Challenge 3: Where does data actually live¶
This confused me initially. Run lakectl repo create lakefs://emm-vault - where does it store things?
Answer: the command is incomplete. Correct syntax:
lakectl repo create lakefs://emm-vault s3://emm-lakefs-storage/
lakeFS has two layers:
DATA layer: S3 bucket (or compatible). All files stored as content-addressed objects:
s3://emm-lakefs-storage/
├─ data/
│ ├─ abc123.../object1 ← Your article.md
│ └─ def456.../object2 ← Your project.md
└─ _lakefs/
└─ ranges/, meta-ranges/ (SSTables)
METADATA layer: PostgreSQL database. Branches, commits, refs - all Git-like info. Roughly 200MB for 18,000 commits over 5 years.

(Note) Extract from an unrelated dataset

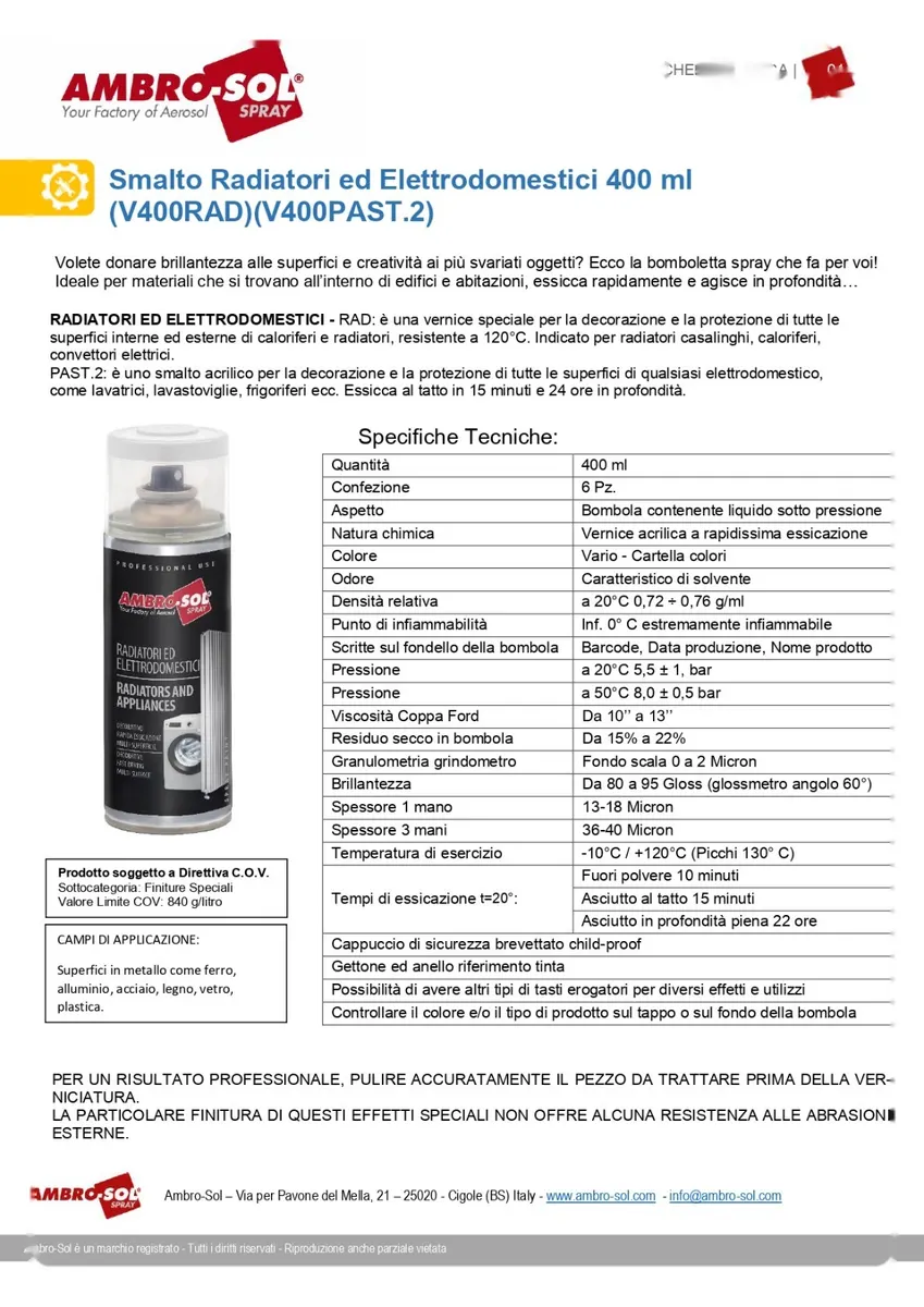 Il prodotto è ideale per utilizzi su termosifoni, radiatori e superfici metalliche esposte a calore, risultando versatile e pratico. La qualità del marchio Ambro-Sol garantisce affidabilità e prestazioni elevate.
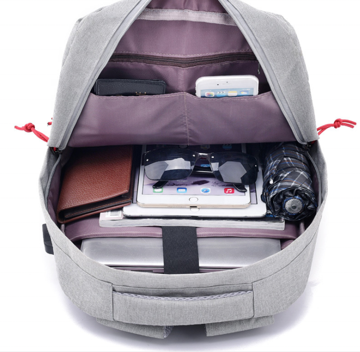 | حقيبة ظهر للكمبيوتر المحمول مقاومة للماء للأعمال / السفر مع شحن USB وسماعة أذن Port | ||

For development I used MinIO via Docker Compose:
services:
minio:
image: minio/minio
volumes:
- minio-lakefs-data:/data
Cost: $0. Storage: your laptop SSD.
For production I'm planning Cloudflare R2: - $0.015/GB/month (50% cheaper than AWS S3) - Zero egress fees (AWS charges $0.09/GB for downloads) - S3-compatible API (boto3 works without changes)
For 10GB vault + 5GB monthly traffic: - R2: $0.18/month - AWS S3: $0.69/month
R2 is 74% cheaper. And this doesn't include egress, where the difference becomes dramatic.
Implementation details that matter¶
Writing lakefs_backend.py took one day. lakeFS has a REST API, but no official Python SDK yet. Had to write my own wrapper:
class LakeFSBackend:
def __init__(self, endpoint: str, access_key: str, secret_key: str,
repo: str, branch: str):
self.endpoint = endpoint.rstrip("/")
self.repo = repo
self.branch = branch
self.session = requests.Session()
self.session.auth = (access_key, secret_key)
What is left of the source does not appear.